I thought most Feldsteins would be in New York, but in 1880, there seemed to be more in Pennsylvania; maybe it was about half of them. I was able to connect just a few people between censuses; most information didn’t match. Most of the Feldsteins who showed up new in Pittsburgh were from Poland, so I wonder if some of them are related.  One family was in Chicago, and one Feldstein was out in West Virginia. He was married, but his wife was not listed with him.

It disturbs me that the people from 1860 were not found later and even some from 1870 were not in 1880.

I could nearly pinpoint the immigration of two families by the children suddenly being born in the place where they were enumerated vs. Russia or Poland.

I already have confounding information. I have found two Theodore Feldsteins — they both appear the same census year, so I know they’re different. But in searching for 1890, I came across a record of 1890 Veterans Schedules for Theodore — I don’t know which one it was.

I’ve decided to go systematically rather than research each family individually, for now. Obviously I’ve begun with US Censuses, but I’ve been gathering NYC Marriages as well. I haven’t decided if I should start to integrate those records or wait a little longer.

By 1900 there are significantly more Feldsteins in the US Census, and in several more states than I’ve seen so far. Maybe it would be good to deal with the vital records that I have prior to that date before I get to those records.

I’m using my usual database for this project, the one I programmed myself, so I’ll be able to transfer it to a web site easily enough when I’m ready. My only trouble will be merging people — my program doesn’t do that yet. I may have to add that functionality just for this project. I’ve added more features to the program over the years as I’ve needed them. With a new kind of project, there may be some more programming in my future.

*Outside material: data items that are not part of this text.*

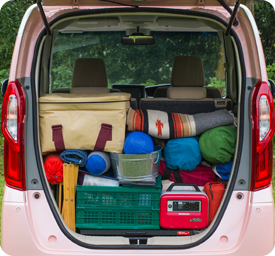 ※当ページで積載しているキャンプ道具は、親子4人(大人2人と小学校のお子さま2人)で1泊2日の屋外キャンプへ行くことを想定した一例です。あくまでも参考としてください。
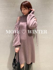 ↑ミニ丈+ゆるっとしたドロップショルダーが色っぽい。ドロップショルダーニットカーディガン/リリーブラウン
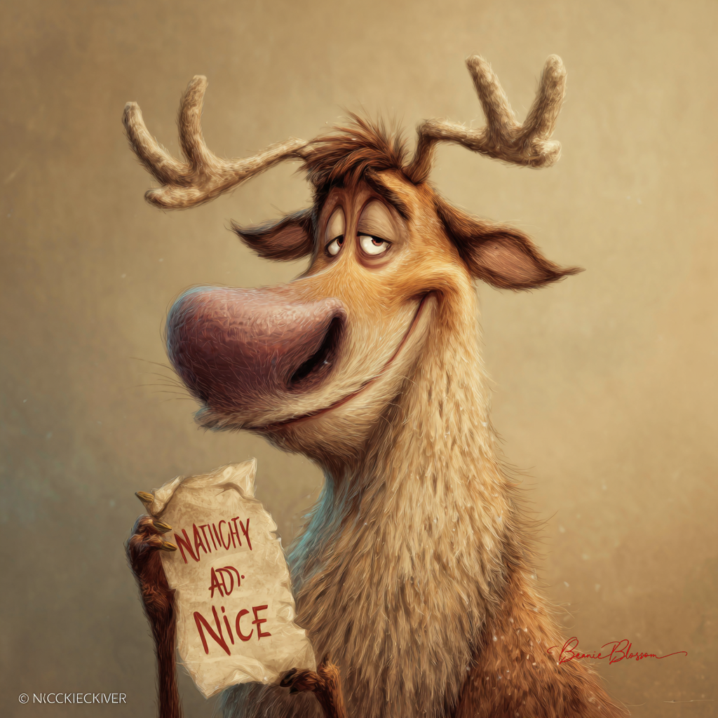 A portrait of a reindeer holding a slightly crumpled "Naughty and Nice" list in its hooves, one eyebrow raised with a knowing expression. The background is simple and softly lit, keeping the focus on the character’s face and gesture. Rendered in festive painterly style with warm browns, soft winter reds, gentle texture, and a subtle touch of holiday humor.
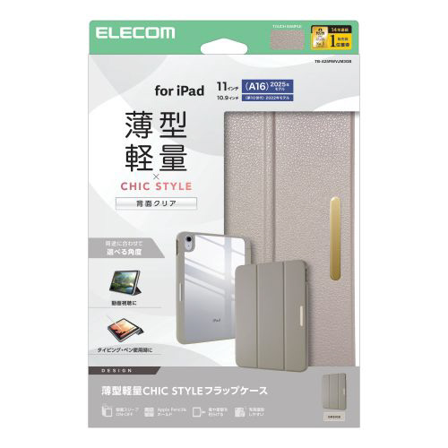 11インチ iPad(A16)、10.9インチ iPad(第10世代)用 フラップケース 薄型軽量 CHIC STYLE スリープ対応 グレージュ TB-A25RWVJM3GB
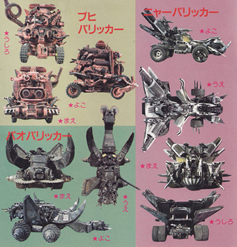Moo Barricar This cow-like vehicle driven by a green Wumper. It tried to scrape Red Vehicle in the Episode 5 before Blue Vehicle pushed it off. [Left]
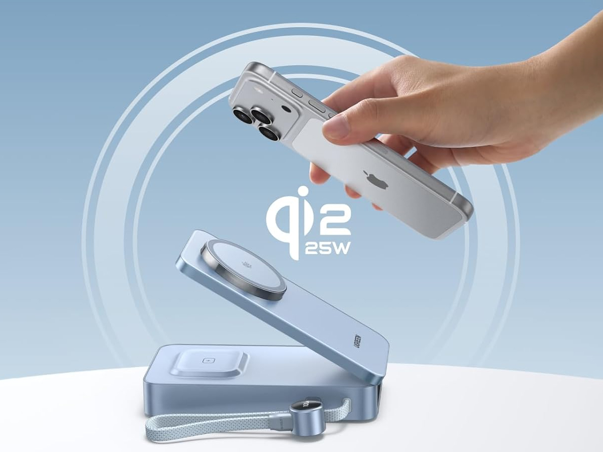 يتميز التصميم القابل للطي بقدرته على الثبات عند زوايا 70° و45°، مما يتيح للمستخدمين استخدامه كحامل أثناء الشحن. كما يحتوي على كابل USB-C مدمج، بالإضافة إلى منفذ USB-A ومنفذ Type-C، مما يوفر خيارات شحن متعددة. في وضع الشحن السلكي، يمكن لبنك الطاقة تحقيق قدرة تصل إلى 100 واط، مما يجعله خيارًا مثاليًا للشحن السريع.
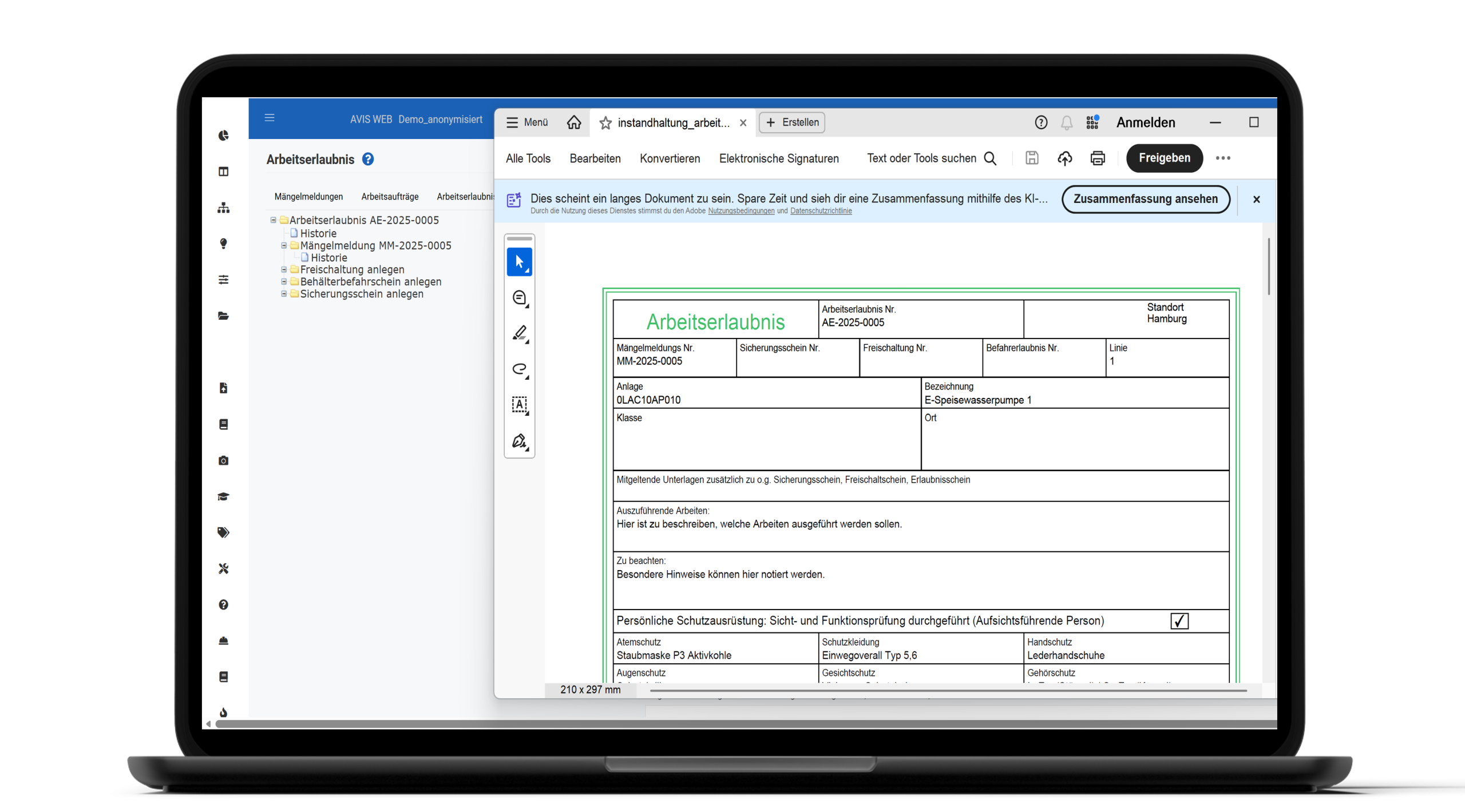 Das digitale Formularwesen in AVIS® ersetzt vormals papierbasierte Arbeitsscheine und Formulare durch eine moderne, webbasierte Lösung. Es dient als zentrales Element zur Standardisierung und Absicherung kritischer Betriebsabläufe, insbesondere in der Instandhaltung von Kritischen Infrastrukturen. Beliebige Formulare, wie Arbeitserlaubnis, Freischaltungsschein oder Behälterbefahrschein, können konfiguriert und in zusammenhängenden Workflows abgebildet werden.
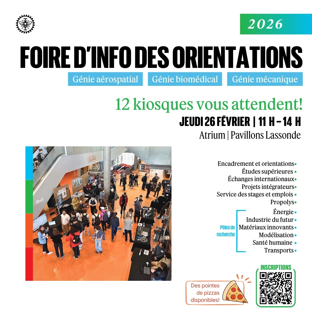 Chaque année, le Comité des Étudiants en Génie Mécanique (CEGM) et le Comité des Étudiants en Génie Aérospatial (CEGA) collaborent pour organiser la Semaine Mécanique-Aérospatiale. Les deux comités s'unissent pour organiser une semaine dédiée aux professions dans le domaine du génie mécanique et du génie aérospatial.
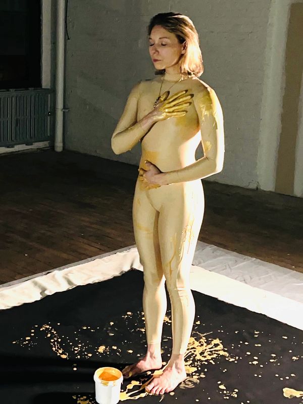 "Renaissance is a deeply intentional and spiritual piece that was rooted in a prayer for humanity. I chose to use gold paint on a black canvas to symbolize hope sprung from a dark place.
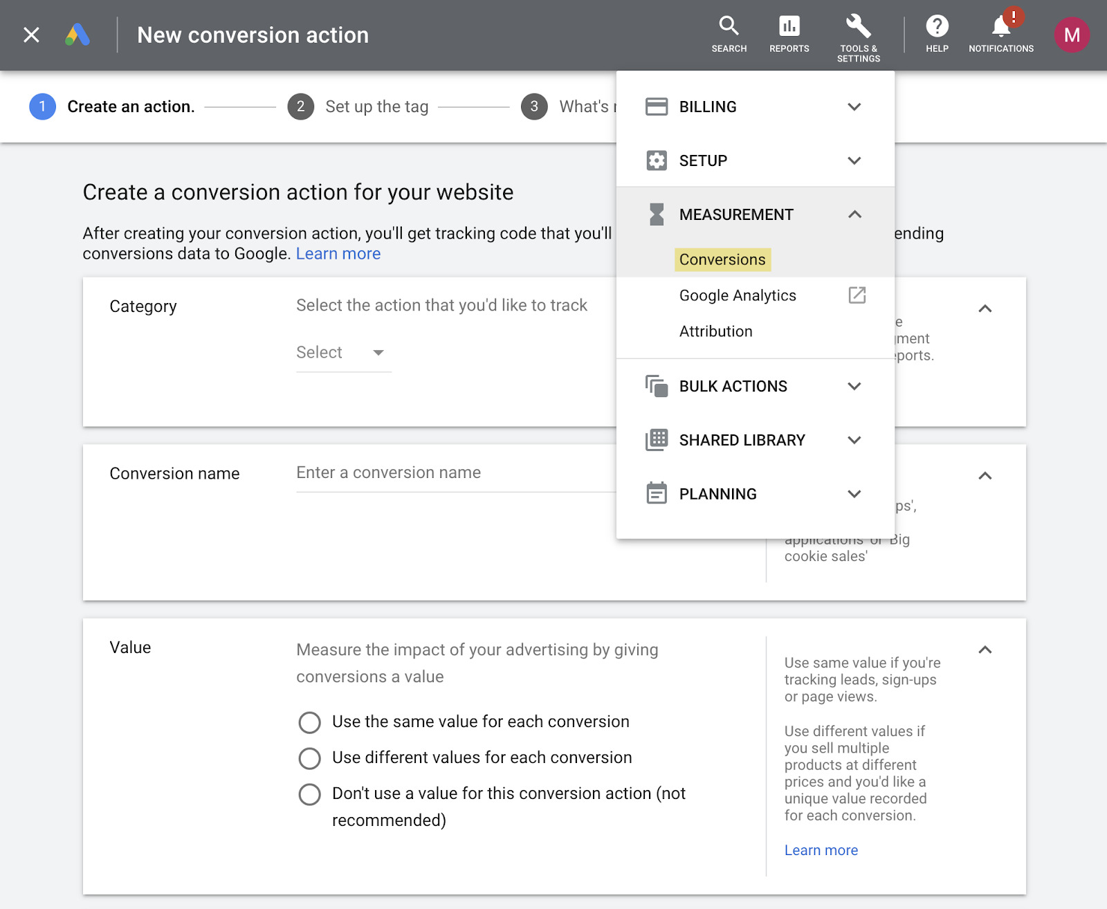 Je vous recommande chaudement de correctement paramétrer le suivi des conversions avant de lancer vos campagnes. Compter une conversion lorsqu’un client achète un produit est ici la base, mais vous devriez aussi compter la valeur de conversion en plus. C’est relativement simple, mais vous aurez peut-être besoin de l’aide d’un développeur. Suivez les instructions lorsque vous paramétrez les conversions :
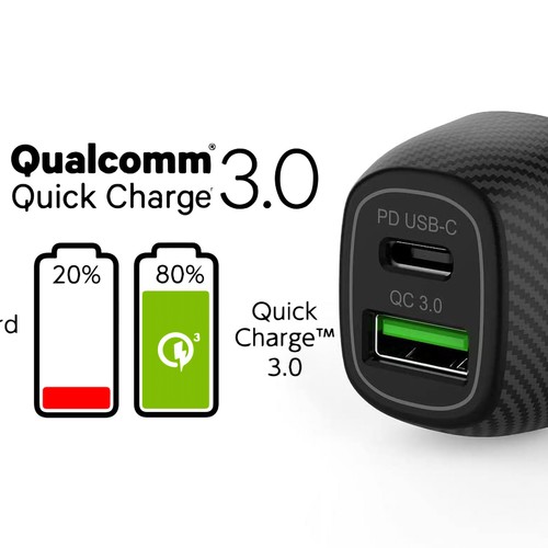 Optimisez la charge de vos appareils durant vos voyages en voiture avec ce chargeur allume-cigare. Il intègre les meilleures technologies de charge pour booster la batterie de vos appareils avec une vitesse exceptionnelle. En effet, la sortie USB-C Power Delivery 20W peut recharger vos appareils compatibles de 0 à 50% en 30 minutes, tandis que le port USB-A Quick Charge 3.0 18W permet de recharger un appareil compatible, 4 fois plus rapidement qu’un chargeur USB conventionnel.
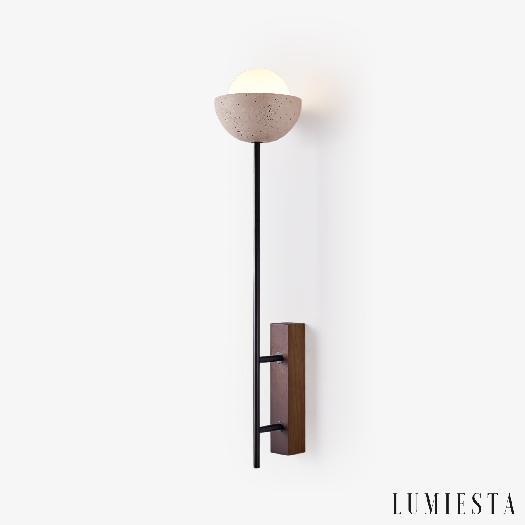 Crestava – Lampa wisząca trawertynowa, żółta z drewnem do jadalni, 23x7x10 cm
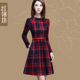 2017新款春秋格子连衣裙春装长袖中长款气质立领a字裙泡泡袖减龄
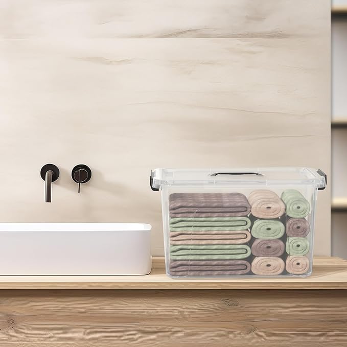 4 Pack 10.5 Quart Plactic Storage Latch Bin, Lidded Box with Black Handle, Clear
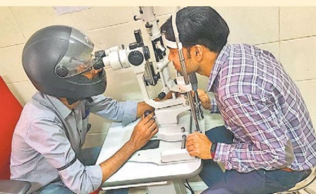 एम्स में हेलमेट लगा कर जांच करते जूनियर डॉक्टर
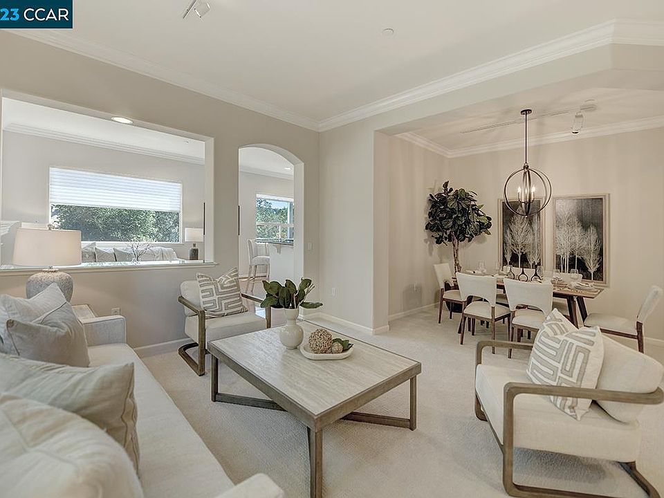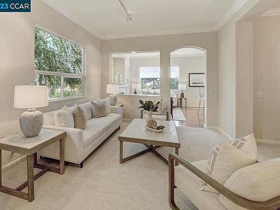 Experience elegance with the Level-in Condo on beautiful Eagle Ridge in Rossmoor. Bask in the breathtaking view of the Walnut Creek ridge and Delta from the comfort of your home. Revel in the spaciousness of high ceilings and be enchanted by custom crown molding that adds a touch of regal charm. Stay comfortable year-round with a new Heating Ventilation Air Conditioning System. The large primary suite with a walk-in closet is a true sanctuary. Enjoy the freshness of new carpet and paint, while hardwood flooring in the family and kitchen area exudes warmth. As part of the vibrant gated community, you'll enjoy an array of amenities, including golf, swimming, tennis, Pickle ball, bocci ball, and table tennis. Delve into your passions with workshops for art, sewing, lapidary ... engage in friendly games of bridge, mahjong, canasta ... in the game room. Over 200 clubs and organizations. Several clubhouses offer great meeting room space for gatherings, dinners, and dances. Embrace this exciting chapter of life and celebrate the years ahead in style at Rossmoor.
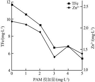 沉淀1 h后,取上清液測定不同PAM投加量下,TFe、Zn2+的去除效果,結(jié)果如圖 3所示。
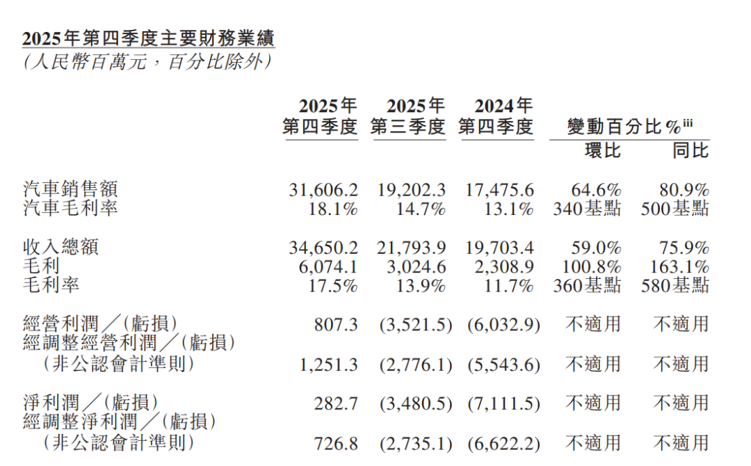 3月10日蔚来公布了2025年第四季度及全年财务报告。报告显示,本季度蔚来共计交付12.5万辆车,同比增长超七成,经营利润(Non-GAAP)为12.5亿元,李斌终于兑现了“喊”一年的季度盈利承诺。
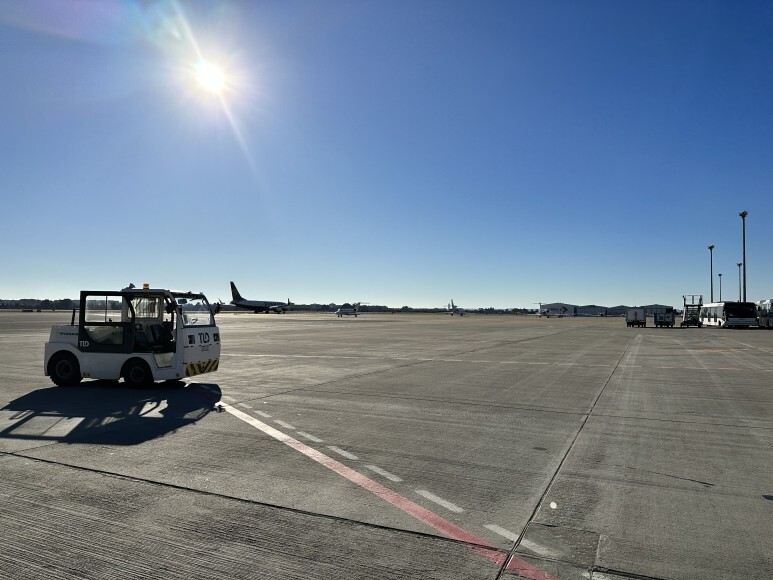 비행기도 작아 보이고 비행기 도로를 걸어갈 수 있는 이 상황이

Current database count: 72 people.

On a personal note, I realize that I haven’t blogged anything for a while, so I figured it was beyond time to come back. I was pretty busy in November with NaNoWriMo. I ended up organizing genealogy for over 40 hours during the month (plus I wrote over 20k words of an actual story), and then I got more done in December. I’ve had a blog post waiting to be finished for about three months that I need to get back to and finish. I’m still keeping busy doing genealogy for myself and clients. I just realized I’d been neglecting my blog and thought, hey, I started a new project, that should be on my blog. Did you miss me? :-)

1940 Census – My First Find

After only or less than three hours of sleep, I got up for the opening ceremony for the 1940 US Census. I knew the servers would be overloaded, but after finding they were using the Amazon cloud, I expected better.

However, after fighting with the web site through no responses and server errors, even seeing “too many connections” among my error messages (so much for scaling up), I was able to download some pages from an ED in New York City. At the UJGS meeting, I looked up the ED for Ludwig Schwartzman, who was living c/o Kessler, so it was a good start because it was two different cousins at the same address.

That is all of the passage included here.